At the restaurant we use an enormous amount of towels and I was similarly naive about laundry when we opened. I purchased for Franktuary a Craigslist washing machine and dryer – are you seeing a theme here? – and thought we could just buy some towels and aprons and do a load every night. Last person out puts them in the dryer, first person in brings the laundry upstairs and folds it and we’re a nice little Happy Home. My first mistake was assuming that anyone on staff wanted to put on a Happy Homemaker Hat, but the biggest issue is that we use roughly the same amount of towels as a college town Holiday Inn on homecoming weekend. Mountains of towels. Piles of towels. Team members clean the grills, the floor, the counters, the fridges, and perhaps even themselves with these towels. Everywhere I go in the restaurant, there’s always a towel lurking, flashing its signature green stripe at me from behind prep tables, inside crates of produce in the walk-in cooler, underneath the food truck… Needless to say we quickly secured a towel, apron, and mat service. Every Thursday our linens guy trundles his Holiday Inn sized laundry sorter into the restaurant and takes away our by that time completely disgusting, stinking, fermenting towels and aprons, replacing them with saran wrapped packages of fresh, clean linens. Beautifully white towels. I cringe at the river of bleach that is, as I type, making its way from a Pittsburgh linens facility into the one remaining coral reef in the ocean, killing all manner of endangered species, so that my prep cooks can sop up the butter they spilled making Sunday’s brioche.

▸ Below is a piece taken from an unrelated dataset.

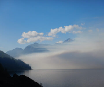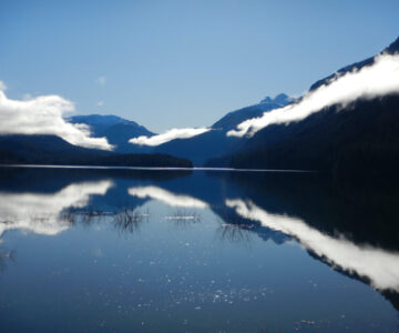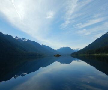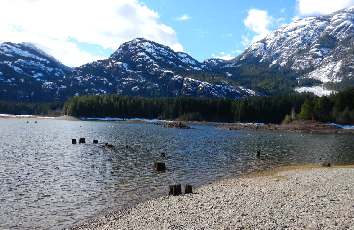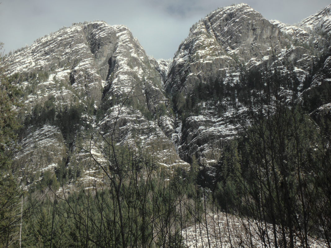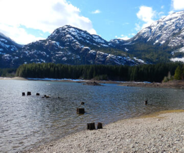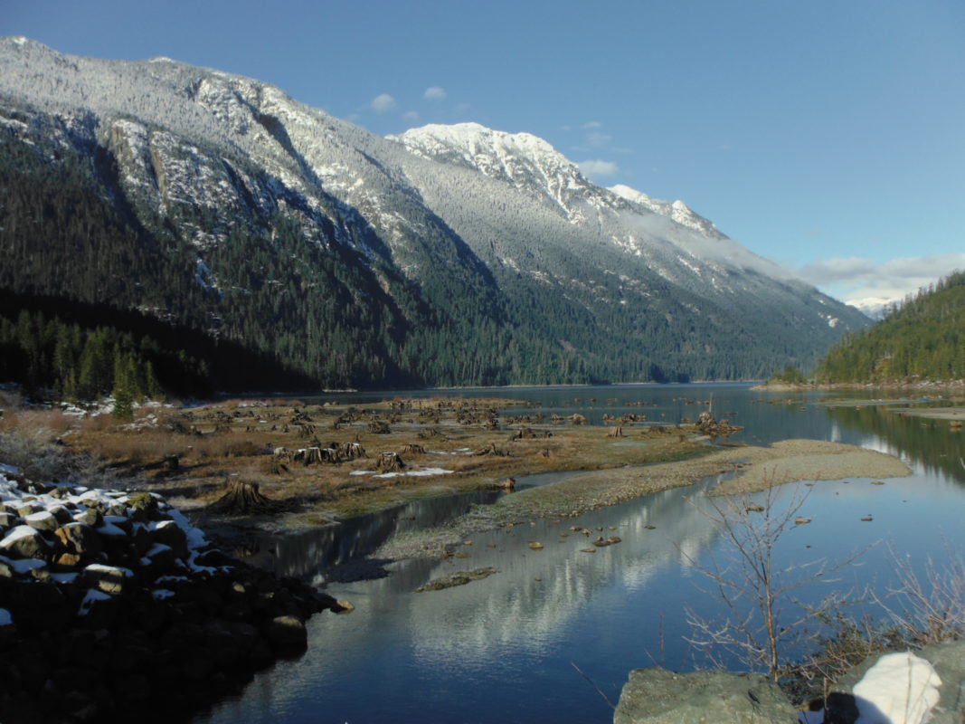 The beauty of Buttle Lake and the mountains that border it in Strathcona Provincial Park, BC can be readily appreciated anytime of the year by driving the paved Westmin Road on the east side of Buttle Lake that extends from the bridge at the upper end of Buttle Lake to the bridge at the lower end of Buttle Lake and Lower Myra Falls. En-route, there are rest stops to picnic as well as scenic pullouts with markers that identify many of the mountains. Check out pictures of the drive in both fall and winter below, and make sure to enjoy the views in person.

Several of my managers have attempted to hide each day’s worth of towels in the office to enforce a more conservative use of linens. I’ve heard tales of other restaurants that run their towels through the dishwashing machine and then lay them to steam…er, dry…under the heat lamp. We’re not that bad but we have resorted to hoarding, though the secret always seems to be out. From my seat at the computer in the manager’s office I recently watched one of our cooks sneak downstairs, climb over the barrier erected out of upturned booths we are never going to use and Amazon boxes we might someday use, and fish out a package of these top secret towels. She said nothing, gave me an impish look, and retreated upstairs.

And so I am reminded, as I’m about to go fold several dozen prefolds that are not prefolded, that parenting, like restaurateuring, is not for control freaks. May God save the environment; I’m doing my part.